The Ultimate Sin (Sins of the Past 2)
It was the question of the hour.
Chapter Seven
Angelo
Sonny held his hands in the air with a look of shock on his face. “Don’t shoot me, Lo. You know me. I didn’t hurt Gia.”
I moved closer to him, my gun still raised and pointed at his head, and repeated my question. “Where the fuck is she, Sonny? You were the last person to see her, and then you disappeared along with her? Talk about a coincidence.”
“I love her, too. You know I do. I would never hurt Gia. You have to believe me.”
“Maybe that’s the problem. You’ve loved Gia for most of our lives and not in a sisterly way.”
Sonny laughed. “Fuck you! Seriously, go fuck yourself. You know what? Go ahead and pull the fucking trigger. Let’s see if you have the balls to do it. I’m your oldest friend, one of the few people you can trust, and you have the nerve to blame me for Gia being taken?”
“You were supposed to watch her. I trusted you with Gia’s life, you stupid fuck. What do you not get about that? Because of you, my fiancée is missing. She could be fucking dead by now.”
He shook his head. “Look, Lo. I had nothing to do with it.”
“Where is she, Sonny?” I yelled so loud my voice echoed off the ceiling.
“I’m going to lower my hands. I’m not reaching for a gun. Don’t shoot me, okay?”
I nodded, and Sonny dropped his arms to his sides and unbuttoned his dirty dress shirt. He dropped it onto the back of a wooden chair in the dining room, giving me a better look at his bruised abdomen. Someone had hit him good, the dark marks covering most of his chest. Where he wasn’t covered in dark tattoos, he had scars and cuts marring his skin.
Sonny turned to face me. “You think you can ditch the gun? I didn’t take her, and I wasn’t in on it. Do I love Gia? Yes, like a hot step-sister I’d love to fuck.”
I laughed at his comment, something I hadn’t done in a long time.
He pointed at me. “A smile? How about that? Would you stop being a stupid prick and drop the gun already? You know I would never touch a hair on her head. I would die for her, too. That’s why you asked me to watch Gia. I fucked-up, I know.”

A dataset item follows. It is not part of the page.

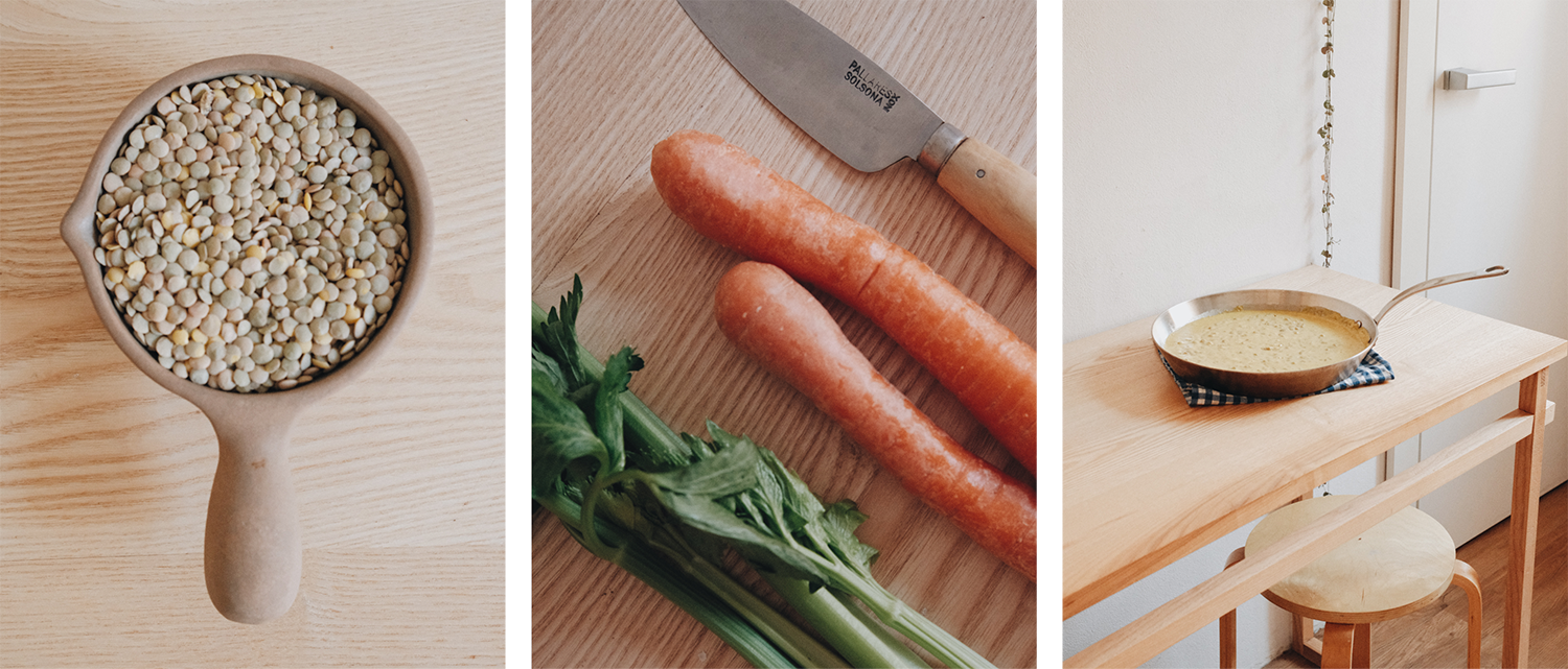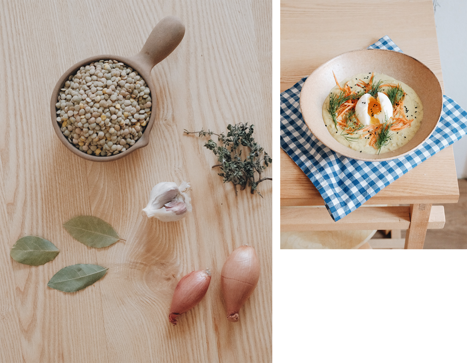 - Keď su suroviny takmer mäkké, bobkový list vyberieme a zmes rozmixujeme tyčovým mixérom. Zalejeme smotanou a pridáme zvyšok šošovice. Dovaríme. Dochutíme trochou octu, napríklad jemného ume octu.
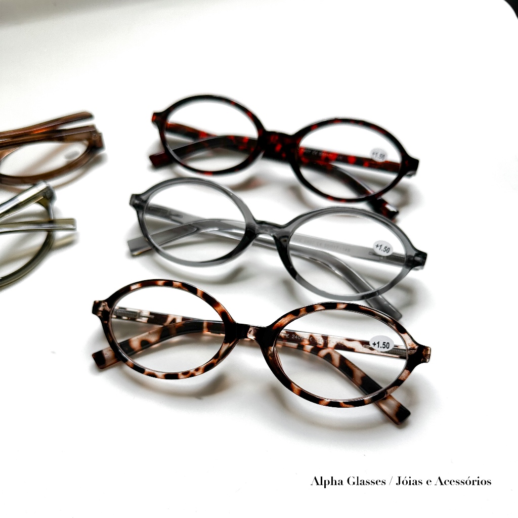 Óculos de Grau Leitura pra Perto Presbiopia unissex Feminino Armação Ovais Moda Retro +1.00 ao 4.00

I set the gun on the coffee table and sat on the couch, pointing at the other side for Sonny to join me. He plopped down on the cushion with a loud groan. Sonny propped his elbow up on the armrest to use it for support.
“Start talking,” I told him, my voice stern.
As much as I wanted to believe Sonny had nothing to do with Gia’s kidnapping, I couldn’t trust anyone. My heart was becoming too black to allow anyone in other than Gia and my mother.
“Everything was fine,” Sonny began, “and then the next minute, I woke up in a dark basement chained to an old radiator that wouldn’t stop leaking.”
“Did you recognize the place?”
He scrunched his nose and shook his head. “Nope. It’s hard to say. The room was so dark the only light I had came in through a small crack in the painted glass.”
I cocked an eyebrow at him. “Like stained glass?”
He shrugged. “Could have been.”
“There’s an old church that closed down years ago. Enzo used it sometimes to torture people.”
“The glass could have been painted that way and not stained. I’m not sure. All I know is the window was big enough to fit a small child through and narrow as fuck. I tried to climb up there a few times and almost ripped off my fingernails.”
I glanced down at Sonny’s hands. His nails were caked in blood and dirt. Although he could have done that himself to lend credibility to his story, I believed him. Worry furrowed his brows, but that was normal given the situation.
“What else do you remember?” I leaned forward on my elbows, locking on to him. “Tell me what happened after the engagement dinner.”
He relaxed against the couch, with his arms folded across his chest, and kicked his foot up on the coffee table. My gun rattled next to the remote from the force.
“I brought Gia home like you told me to do. She changed into her pajamas.”